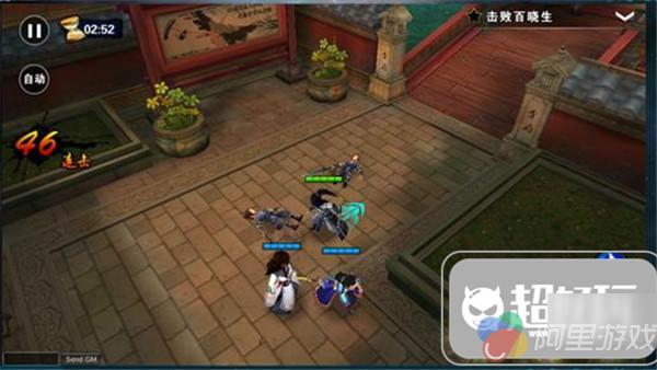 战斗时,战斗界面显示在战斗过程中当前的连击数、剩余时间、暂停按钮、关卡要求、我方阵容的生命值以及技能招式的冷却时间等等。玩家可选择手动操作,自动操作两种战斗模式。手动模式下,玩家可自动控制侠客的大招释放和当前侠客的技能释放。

---

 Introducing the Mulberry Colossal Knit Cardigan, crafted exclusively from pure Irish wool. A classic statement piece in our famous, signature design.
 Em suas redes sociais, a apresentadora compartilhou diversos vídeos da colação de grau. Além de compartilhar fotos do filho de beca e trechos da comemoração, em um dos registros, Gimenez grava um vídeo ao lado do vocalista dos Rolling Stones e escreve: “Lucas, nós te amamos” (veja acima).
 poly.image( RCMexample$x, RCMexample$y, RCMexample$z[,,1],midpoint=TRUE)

---

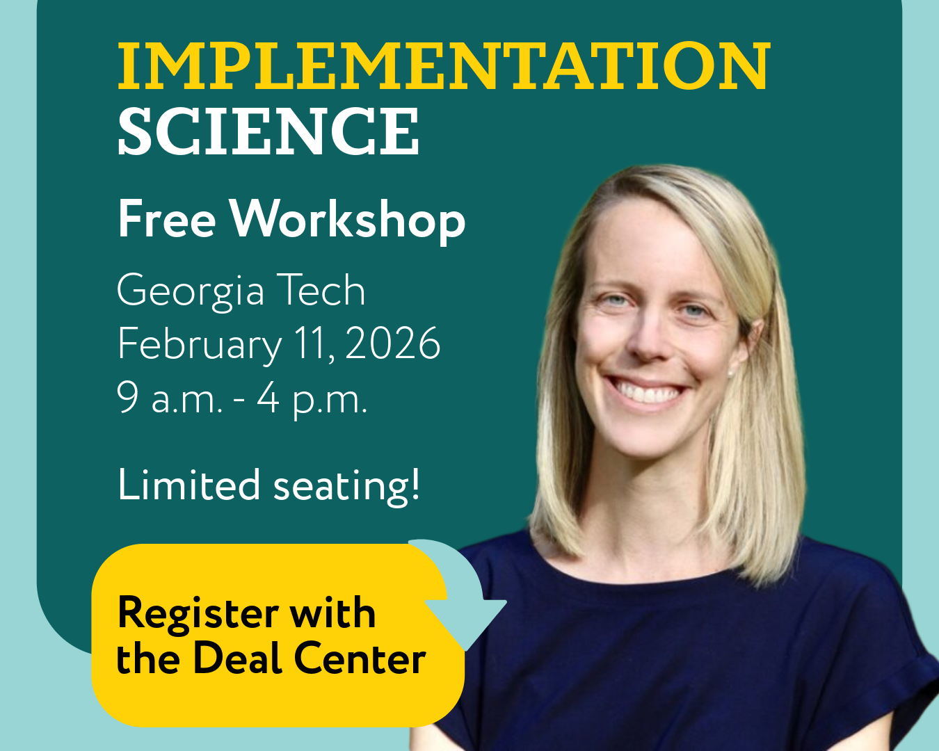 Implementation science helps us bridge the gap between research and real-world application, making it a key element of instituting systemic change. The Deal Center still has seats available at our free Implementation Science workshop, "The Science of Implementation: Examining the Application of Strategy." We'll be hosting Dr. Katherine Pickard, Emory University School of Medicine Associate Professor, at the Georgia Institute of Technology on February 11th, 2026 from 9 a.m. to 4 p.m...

(PROBLEM TO WORK ON):
Find the line with "Introducing the Mulberry" in the entries above. Retype it and each line after it, exactly, through the line with "RCMexample$x, RCMexample$y, RCMexample$z[,,1],midpoint=TRUE)", and stop there.

(FINISHED EXERCISE):
 Introducing the Mulberry Colossal Knit Cardigan, crafted exclusively from pure Irish wool. A classic statement piece in our famous, signature design.
 Em suas redes sociais, a apresentadora compartilhou diversos vídeos da colação de grau. Além de compartilhar fotos do filho de beca e trechos da comemoração, em um dos registros, Gimenez grava um vídeo ao lado do vocalista dos Rolling Stones e escreve: “Lucas, nós te amamos” (veja acima).
 poly.image( RCMexample$x, RCMexample$y, RCMexample$z[,,1],midpoint=TRUE)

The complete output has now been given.